▶ [EXERCISE]: Please give again, word for word, each line that falls between the line with "一般男女の参加者用に靴下を製作しました。なんと底面に滑り止め付きのスグレモノ！" and the end of the data, inclusive.

Saved entries:
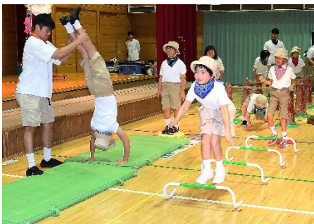
小学部「あおばやま探検隊」

10月5日(土)、「みんなでハッピー！みんなでスマイル！！」をテーマに、本校体育館で学習発表会が行われました。日々、取り組んでいる音楽の合奏や保健体育でのサーキット運動、校外学習で見学や体験から学んだ科学の知識やSDGsの視点等を、音楽発表や劇を通して表現しました。初めての試みであったグランドフィナーレでは、全校児童生徒が一つとなって合奏やダンスを披露しました。当日は、卒業生も来校し、「みんな、すてきだった。感動した」と話していました。ご家族の皆様からも学部を超えて、温かい拍手やお褒めの言葉をいただき、ありがとうございました。
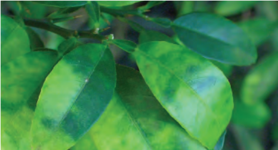
La figura 1

1. Follaje: Los primeros síntomas son hojas pequeñas y amarillentas en una rama o sección de la copa del árbol. Los síntomas más característicos del enverdecimiento de los cítricos son los moteadas asimétricos en las hojas llenas (fig. 1) y amarillamiento de las hojas (fig. 2). Otros síntomas son el amarillamiento
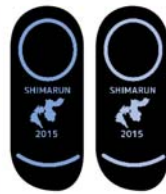
一般男女の参加者用に靴下を製作しました。なんと底面に滑り止め付きのスグレモノ！

横断幕の他にも、今回の島ランでは参加者の方にお配りする記念品も製作させて頂きました。

▶ [RESULT OF THE EXERCISE]:
一般男女の参加者用に靴下を製作しました。なんと底面に滑り止め付きのスグレモノ！

横断幕の他にも、今回の島ランでは参加者の方にお配りする記念品も製作させて頂きました。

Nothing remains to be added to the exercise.